The bear market ended one year ago this week, finishing one of the fastest and most vicious bear markets of all-time—one that led to a drawdown of 34%. Things have come full circle now, as stocks have staged a furious rally, with new highs happening across the globe as the economy recovers at a record pace.  We take a look back at what happened last March, while also examining how previous bull markets did during the second year of their existence.

A Look Back
Although we aren’t sure we want to, let’s take a look back at the bear market and try to put in perspective just how historic and devastating it was for investors, while also pointing out some incredible positives. Here are five amazing stats to summarize the bear market and bounce back:

• Fastest bear market ever. Although it was only a one-month-long bear market, the S&P 500 Index fell 33.9% from the February 19, 2020 peak until the March 23, 2020 low. Along the way, it set the record for the fastest 20% bear market ever (only 16 days, topping the previous record from 1929).

March 16, 2020. This day will go down in history as one of the worst days ever for stocks. The Dow Jones Industrial Average fell 12.9%, which was the fourth-worst day in the nearly 125-year history of the Dow. Only the crash of 1929, crash of 1987, and the day that trading started (after being halted for months) during World War I were worse than March 16, 2020.

The most volatile month ever. Huge swings (both up and down) were quite common in March 2020. In fact, looking at the Dow, the average daily move (up or down) during March 2020 was an astounding 5.3% per day. The previous record was 3.9% during November 1929, again showing just how March 2020 was like nothing we’ve ever seen before.

The bounce back was even more impressive. After falling nearly 34%, it took only five months for the S&P 500 to recover its losses, the fastest bounce back ever for a 30% loss or greater. To put it in perspective, the S&P 500 also lost 34% in 1987, but that recovery took 20 months to get back to new highs.

From red to green. At the lows in 2020, the S&P 500 was down 30.7% for the year, but when all was said and done it closed up 16.3%. This was the first year in history stocks were down 30% at one point during the year and finished the year in the green.

Now What? The Bull Turns Two
Incredibly, the S&P 500 has increased more than 74.9% since the lows a year ago (as of March 19, 2021), making it the best start to a bull market ever. After such a strong first year, where might this bull market go in its second year?

Figure 1 shows what happened during the first year and second year of bull markets that followed 30% or larger bear markets going back to World War II. Here are three takeaways to remember as the bull turns the calendar to year two.

• Since World War II, there have been six other bear-market declines of at least 30%, and in every single case the S&P 500 was up firmly the first year of a new bull market—with an average return of more than 40%. The good news is the gains continued in year two, as stocks were also up the second year of a new bull market every single time—up a solid 16.9% on average. Only once (after the 1987 crash) did stocks gain more during year two than year one.

•The previous best start to a bull market ever was the 2009 bull market, which was up 68.6% after one year. Even after those historic one-year gains, the S&P 500 managed to gain a respectable 15.9% during the second year. It wasn’t an easy ride, however, as there was a 17.1% correction during the second year.
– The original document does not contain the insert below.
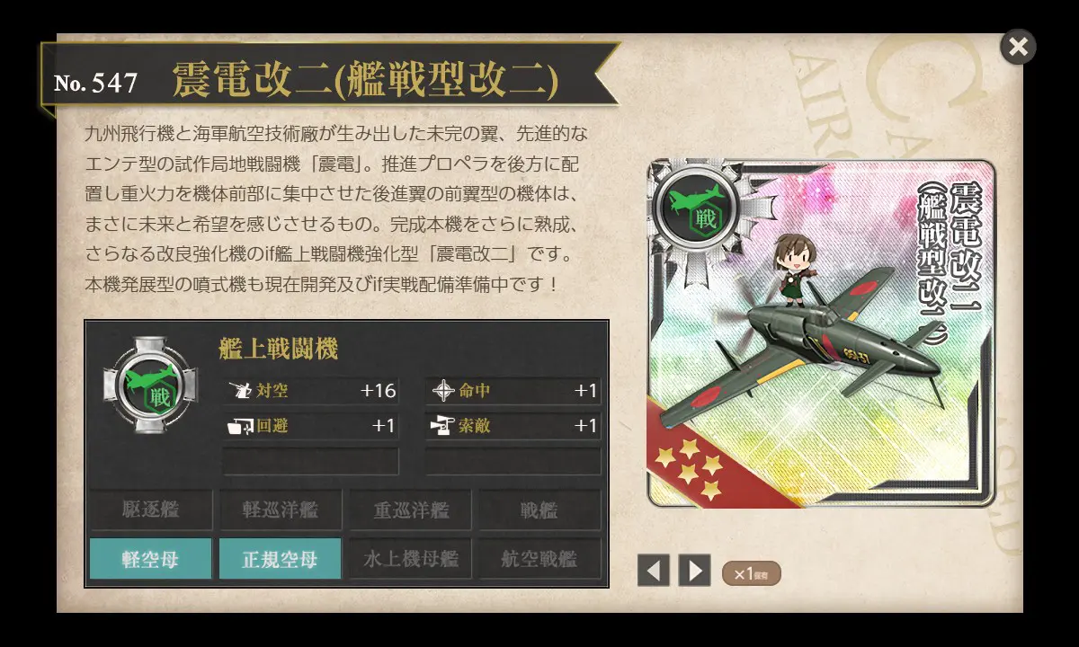 - 震電改二(艦戦型改二)は対空16と任務実装時点では一番制空値を稼げる艦戦となります

•Pullbacks tend to happen during the second year of a new bull market, with an average year two pullback of 10.2%. Considering the current bull market reflected the best start to a bull market ever, this could open the door for an above-average pullback during year two.

Reiterate Our Bullish View
This bull market is off to an amazing start, but it is important to remember it is still young. While a pickup in volatility would be normal as this stage of a strong bull market, we think suitable investors may want to consider buying the dip. Vaccine distribution, fiscal and monetary stimulus, and a robust economic recovery all have our confidence high.

Covid-19 still presents lingering near-term risk, with variants of the virus adding to the worry. Additional sharp and swift moves higher in interest rates could potentially cause valuations to contract meaningfully, though we see that as unlikely. We continue to expect higher interest rates to fade as a concern for the bull market, but it may take a bit more time to reach that point.

We continue to recommend an overweight-to-equities and underweight-to-fixed-income stance relative to investors’ targets, as appropriate. We reiterate our S&P 500 Index fair value target range of 4,050–4,100 at year-end 2021, based on a price-to-earnings (PE) multiple near 21, and our 2022 earnings forecast of $195.

Ryan Detrick is chief market strategist for LPL Financial.